## [WHAT THE TASK REQUIRES]
Please repeat each line below exactly, with no images in the copy.

## [AVAILABLE DATA]
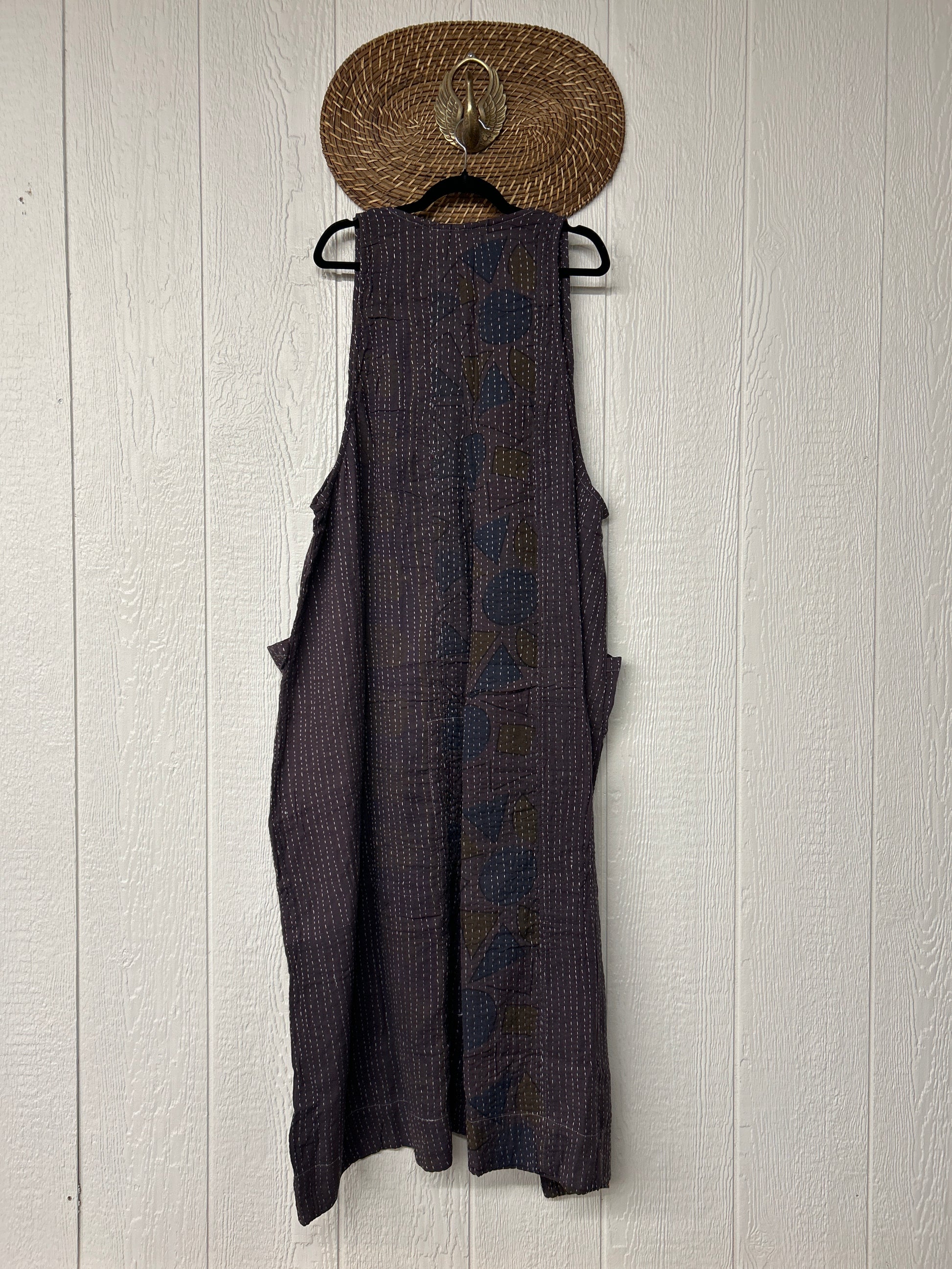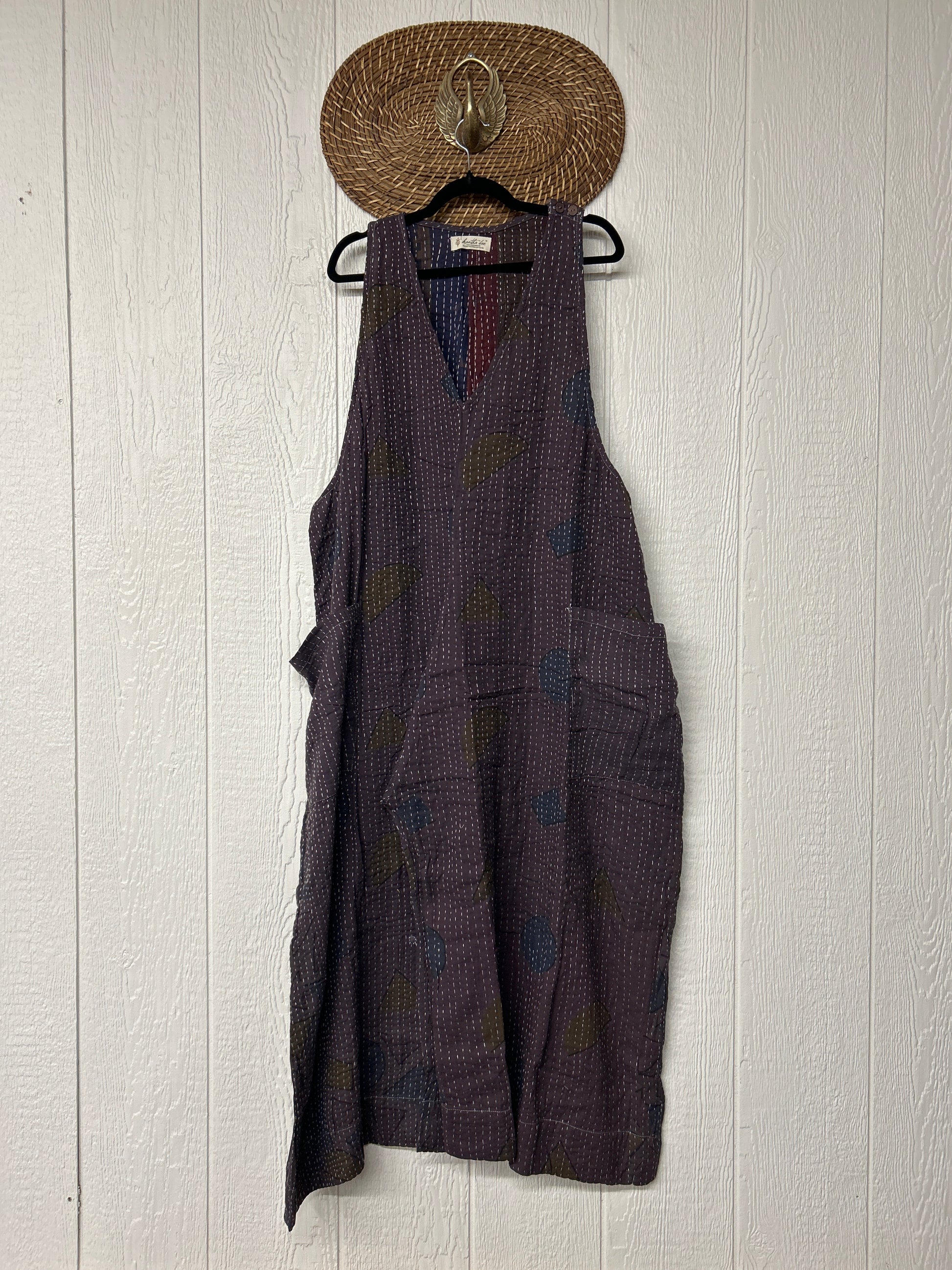 Our jumpsuit is made from our vintage kantha embroidered sari.
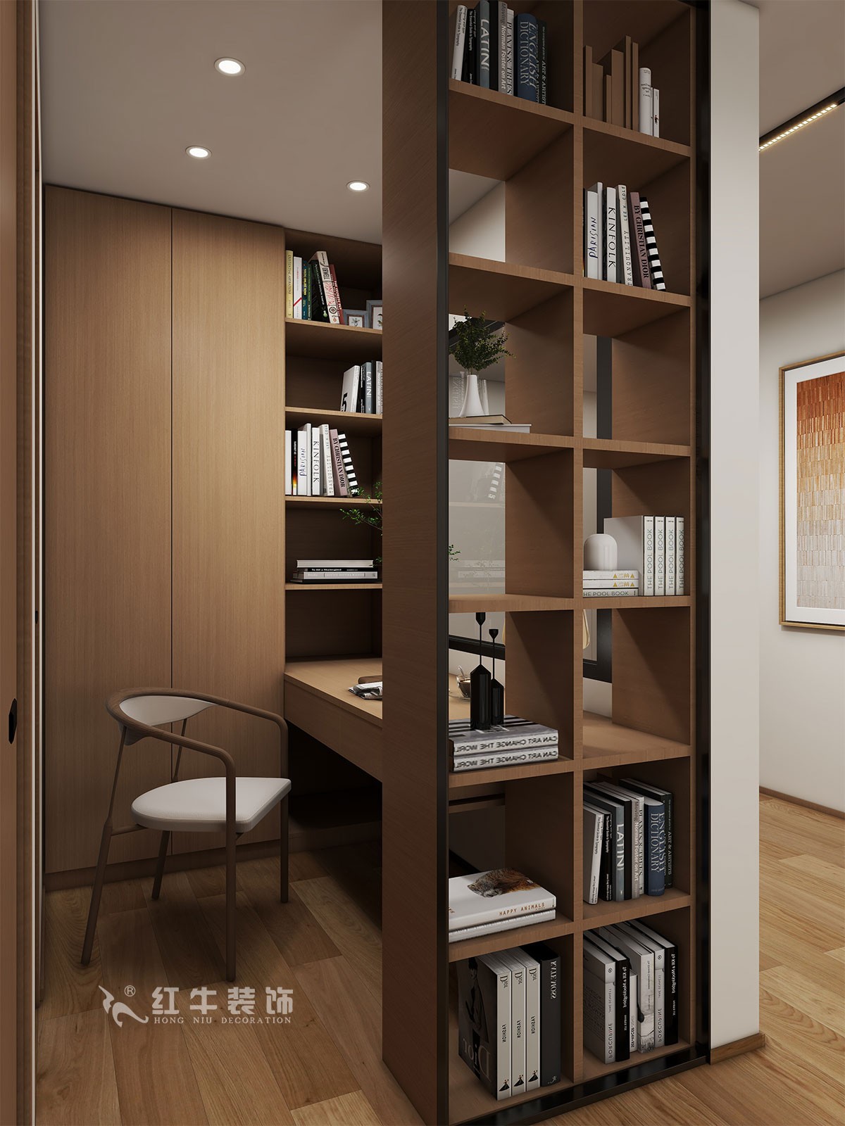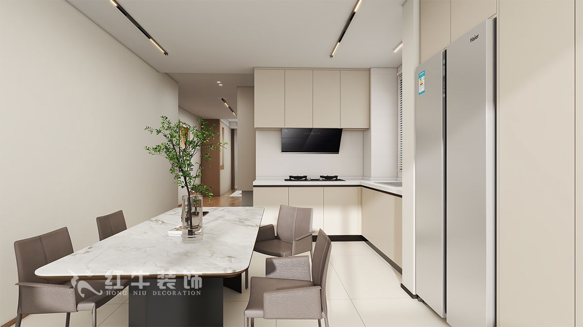 一家三口居住,主要考慮小孩上學住的,戶型不是很規(guī)整,過道狹長,進門視覺擁堵。主臥和次臥空間大小進行了重新規(guī)劃,原先的餐廳區(qū)域做了開放式書房。廚房、北邊臥室、北陽臺考慮光線不好,全部拆掉,連著廚房,做了廚房餐廳一體化的設計,使整個空間利用率更高。不僅美觀,還兼顧了功能性和實用性,滿足了業(yè)主的儲物的需求。
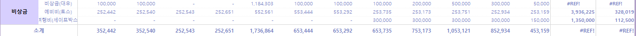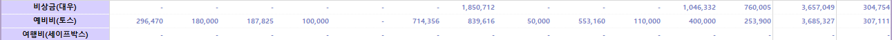비상금과 예비비는 월평균 30만 원씩 모으고, 필요시에 지출했다. 예비비와 비상금 지출은 아래와 같다.

## [RESPONSE BELOW]
 Our jumpsuit is made from our vintage kantha embroidered sari.
 一家三口居住,主要考慮小孩上學住的,戶型不是很規(guī)整,過道狹長,進門視覺擁堵。主臥和次臥空間大小進行了重新規(guī)劃,原先的餐廳區(qū)域做了開放式書房。廚房、北邊臥室、北陽臺考慮光線不好,全部拆掉,連著廚房,做了廚房餐廳一體化的設計,使整個空間利用率更高。不僅美觀,還兼顧了功能性和實用性,滿足了業(yè)主的儲物的需求。
비상금과 예비비는 월평균 30만 원씩 모으고, 필요시에 지출했다. 예비비와 비상금 지출은 아래와 같다.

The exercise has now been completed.